Home saxophone JD Allen/Sebastián Chames Quartet’s Performance at Pizza Express Jazz Club

JD Allen/Sebastián Chames Quartet’s Performance at Pizza Express Jazz Club

by Madonna

Sebastián Chames, a pianist hailing from Spain and Argentina, concluded his jazz education in the vibrant city of New York, a backdrop that profoundly influences his musical expression. His compositions are adorned with lavish harmonies, resonant rhythms, and discerning allusions, a tribute to the essence of the Big Apple’s jazz ethos. Notably, his last three albums boasted collaborations with top-tier New York musicians, including the accomplished trumpeter Jeremy Pelt.

A dynamic quartet, specially convened for a brief European tour, shared the stage as co-leaders: Detroit-raised saxophonist JD Allen, now based in New York, and Spanish drummer Juanma Barroso, a longstanding collaborator of Chames. The quartet’s rhythmic foundation was upheld by the skilled double bassist Larry Bartley, who filled in admirably for the tour’s final performance. Evidently cohesive, the ensemble flourished in solos, yet the divergent compositional approaches of the co-leaders occasionally posed a curious juxtaposition.

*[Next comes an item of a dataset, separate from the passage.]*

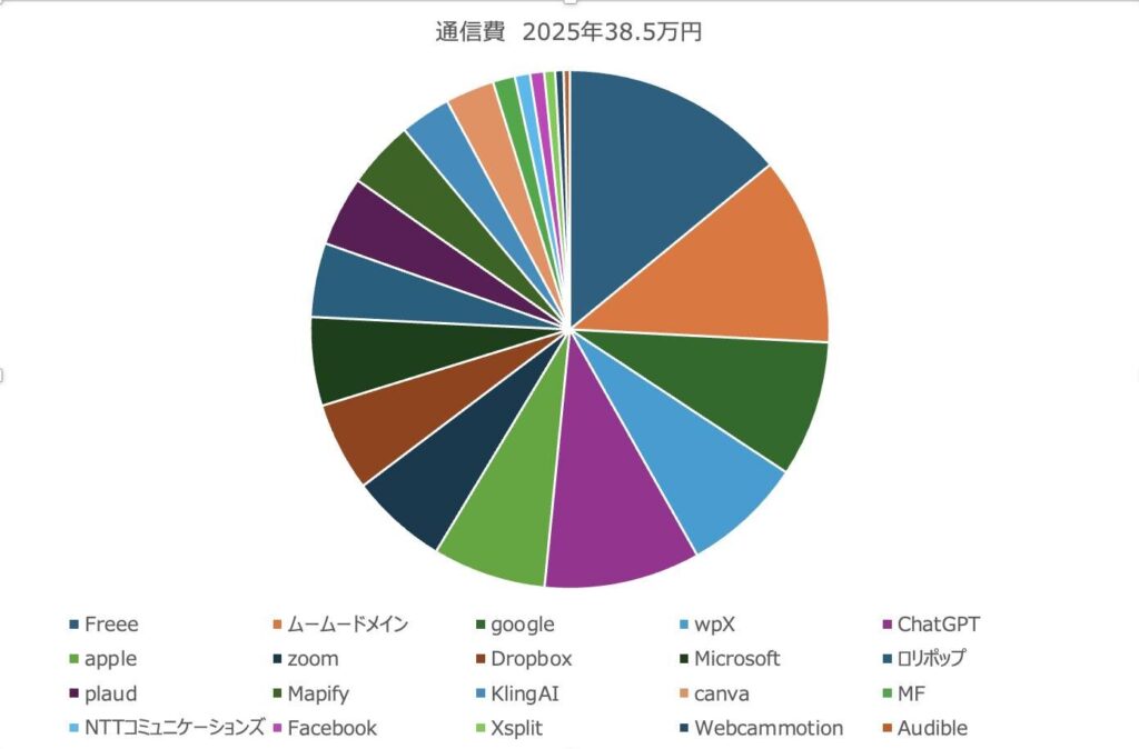 会社の経費として、ですが、通信費2025年集計しました。38.5万円。

Chames masterminds intricate musical architectures that navigate intricate forms, often twisting into unforeseen contours. In contrast, Allen’s compositions adopt a more minimalist essence, woven with bluesy threads and veiled intricacies that unveil themselves over time. The titling of Chames’ pieces, such as the evocative “Missing File in Abuja,” encapsulates his unique compositional language, while Allen’s concise “Cotton” hints at the enigmatic layers within his works. With both leaders’ creations juxtaposed throughout the evening, a subtle dissonance flavored the overall experience.

The performance embarked with a robust piano vamp harmonized by the resonant depths of the double bass and the agile patter of a contemporary jazz snare. Allen’s entrance exuded confidence and richness, toying with the chromatic nuances of the harmonic minor scale. The theme, christened “Die Dreaming,” exhaled a bluesy essence, Allen’s execution precise, and each note’s tonal subtleties distinctly articulated. Originally conceived for a piano-less trio, the piece was reimagined for the quartet setting. Subsequently, “Missing File in Abuja” emerged, inaugurated by an opulent unaccompanied piano prelude, promptly followed by a nostalgic motif. Yet, the core of the composition traversed an unconventional harmonic route, all the while buoyed by the relaxed pulse of the walking bass. The sequence further unfolded with the poignant rendition of the standard ballad “I Should Care,” delivered at a heartrending tempo.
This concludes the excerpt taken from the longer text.